The district judge may have equated the precedential effect of a decision with its preclusive effect, but the two differ. Without a certified class, any other Medicaid applicant is free to file another suit and present the same arguments; decisions of district courts do not block successive litigation by similarly situated persons. Although decisions of appellate courts have broader authority, in the absence of class certification any other applicant may start over and try to distinguish the adverse precedent. Likewise, if the first plaintiff wins and the court of appeals affirms, the agency may try to distinguish the adverse precedent, or deny its authoritative status, when denying relief to a similarly situated applicant. It takes a class certification to produce a conclusive resolution in one proceeding. Compare United States v. Mendoza, 464 U.S. 154, 104 S.Ct. 568, 78 L.Ed.2d 379 (1984), with Califano v. Yamasaki, 442 U.S. 682, 99 S.Ct. 2545, 61 L.Ed.2d 176 (1979).

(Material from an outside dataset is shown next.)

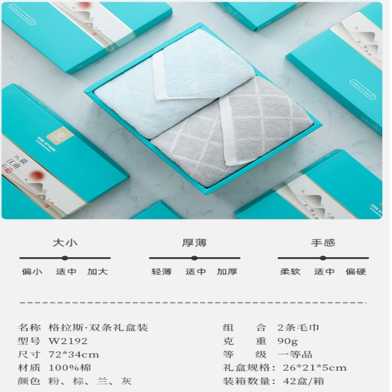 洁丽雅(Grace) 格拉斯毛巾双条礼盒装 W2192 毛巾*2 混色(单位:盒)
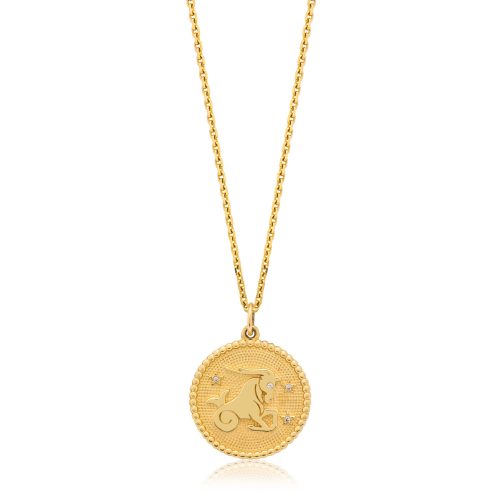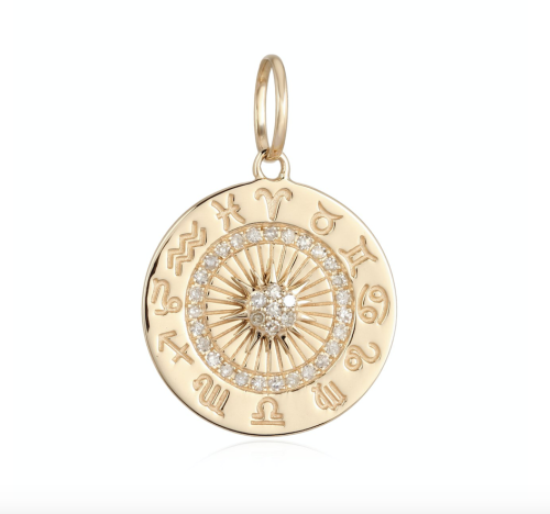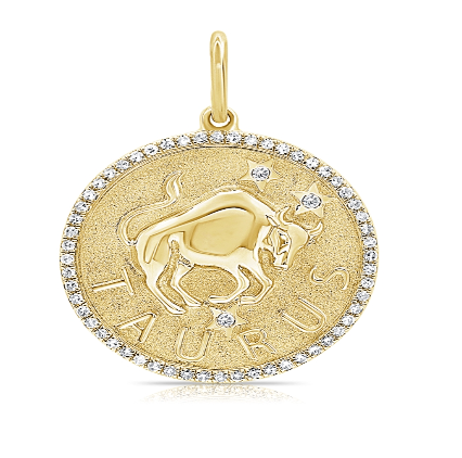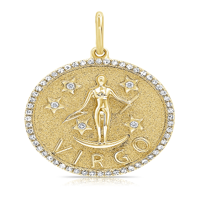 Zodiac Medallion with diamond pavé border, available in 14K Yellow […]

In the event, however, no class was certified, and neither side seeks review of that decision. Bertrand's claim therefore must be dismissed as moot. The district court noted the motion for class certification but missed the vital qualification that the suit never became a class action. In a handful of situations, exemplified by Deposit Guaranty National Bank v. Roper, 445 U.S. 326, 100 S.Ct. 1166, 63 L.Ed.2d 427 (1980), and Primax Recoveries, Inc. v. Sevilla, 324 F.3d 544, 546-47 (7th Cir.2003), class certification may follow the defendant's actual or attempted satisfaction of the would-be representative's demand; the Court explained in Deposit Guaranty National Bank that this proviso is essential to prevent defendants from buying off all potential class representatives by meeting their demands, one at a time, and thus preventing effectual relief to a larger class of victims. Nothing of the sort occurred here-and, to repeat, no class has been certified, so even if Bertrand had been furnished CILA services for strategic reasons this would not justify allowing him to continue litigating in his own name. He lacks a stake in the outcome, and his claim must be dismissed as moot.
Section 1396a(a)(8), on which Patterson (the remaining plaintiff) relies, does not provide a private right of action. Neither does any other arguably relevant provision in the Medicaid Act. This leads Patterson to rely on 42 U.S.C. § 1983 and the approach of Maine v. Thiboutot, 448 U.S. 1, 100 S.Ct. 2502, 65 L.Ed.2d 555 (1980): § 1983 allows the enforcement of federal law (such as the Medicaid statute) against state actors (such as the Illinois Department of Healthcare and Family Services). To this Illinois responds that Medicaid is a funding statute that gives states an option rather than placing them under an obligation. If the state has not kept its end of the bargain, the argument goes, then the remedy is to cut off the funds rather than to order specific performance. The Medicaid Act provides some express private remedies; using § 1983 to augment them would upset the bargain that the state struck when it joined the program, the state insists. Illinois relies particularly on Gonzaga University v. Doe, 536 U.S. 273, 122 S.Ct. 2268, 153 L.Ed.2d 309 (2002), which reached just such a conclusion with respect to the Family Education Rights and Privacy Act, another federal statute that uses the lure of funds to achieve a national objective.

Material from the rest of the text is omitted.